A wide range of physicochemical conditions promote DNA denaturation, including temperature, pH and osmolarity. My understanding is that you are enquiring about the coupling reaction of a micro-array hybridization procedure. I found a protocol involving cDNA incubation with 0.5 M sodium bicarbonate at pH 9. Follow the link for the complete protocol.
While I am sure Fabio's method would work well, I just had one alternative suggestion to offer (depending on what your goal with the DNA is). You could always get your primer synthesis company to 5'-end tag one of your PCR primers - the one that amplifies the strand you want - with a modification to make your strands asymmetric. This could be either a bulky blocking agent (like a m7G cap, or a triphosphate or something) or a purifiable molecule, e.g. biotin.
Doing this would allow you to differentially treat your strands, either with e.g. a 5'-3' nuclease which cannot digest the end with the bulky blocking agent (and thus would only digest the strand you don't want), or to denature then purify your tagged strain.
Basically, every PCR product is amplified with two primers, each one forming the 5' end of one of the two strands that are amplified. Let's call the two strands "Watson" and "Crick", and say that you're interested in the "Crick" strand. You can synthesise your primers such that the one that primes the "Watson" strand has a normal (usually monophosphate, I think) 5' end, but the one that amplifies the "Crick" strand has a bulky adduct on the 5' end - say, a biotin. When you perform your PCR, you will now have a normal dsDNA PCR product in which the 5' end of your strand of interest - the "Crick" strand - has a biotin molecule at its 5' end.

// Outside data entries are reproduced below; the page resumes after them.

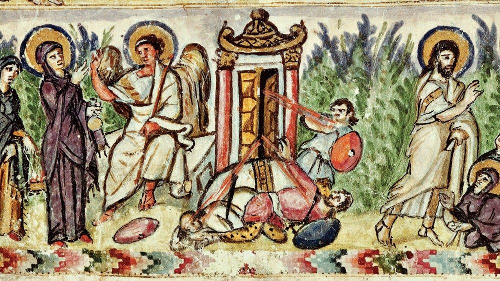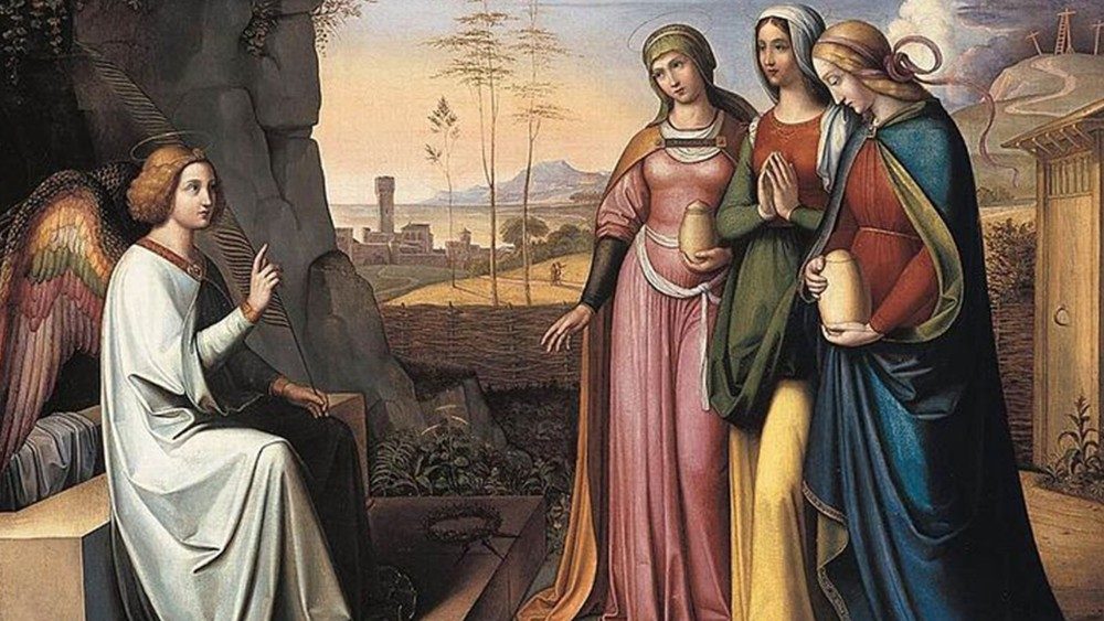 La giornata si apre con la scoperta della tomba vuota, la mattina presto, da parte delle donne e di Maria Maddalena, recatesi con gli aromi per onorare il defunto: incontrano uno o più angeli, portatori di un annuncio sconvolgente. A rappresentare magistralmente gli occhi femminili increduli, ancora gonfi di lacrime, nel 1890 è il pennello di William Adolphe Bougueraeau. Composto e pacato lo stupore delle mirofore nella tela datata 1815 di Peter Von Cornelius della Neue Pinakothek di Monaco di Baviera. Successivamente è il Risorto stesso ad apparire ad alcune donne, o secondo altri racconti solo a Maria Maddalena che, riconosciutolo, tenta di abbracciarlo, fermata nel suo slancio dal celebre ‘Noli me tangere’. La scena è inserita da Jan Brughel il Giovane nel 1630 all’interno di un giardino brulicante di ortraggi di ogni genere.
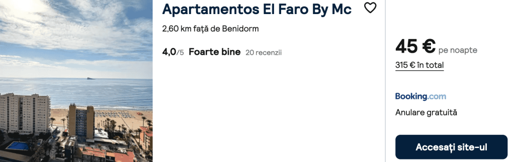 EARLY BIRD! Vacanță în BENIDORM 212€ zbor și cazare, 7 zile (București, Cluj)
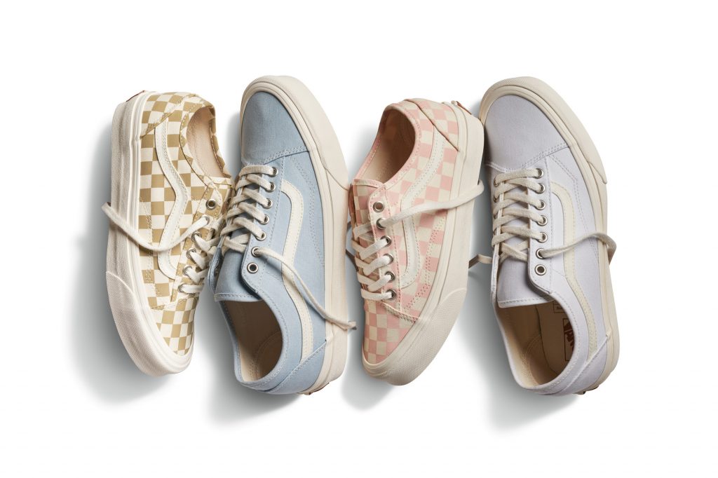 The Old Skool Decon taps into water-based inks and dyes with four neutral colorways, including white/natural, winter sky/natural, cornstalk/natural canvas in Checkerboard and peachy keen/natural canvas in Checkerboard. Vans Eco Theory collection also includes the Sk8-Hi Tapered and Authentic in the same range of colorways as well as black/natural.

If you were to treat this dsDNA with a dsDNA exonuclease that degrades in a 5'-->3' direction - for example, Lambda exonuclease, or T7 Exonuclease, both of which are commercially available - you would degrade the accessible "Watson" strand, but not the Biotin-blocked "Crick" strand, meaning that the "Crick" strand would remain as ssDNA. The other advantage of using a biotin addition is that biotin can be bound at very high affinity by streptavidin, meaning that you may be able to use this interaction to purify the ssDNA "Crick" strand - if you can find conditions under which the DNA is denatured but the biotin-streptavidin interaction is not.
There are of course some optimisation/clean-up steps required in both of these protocols, but hopefully they give you some ideas about how you may approach things.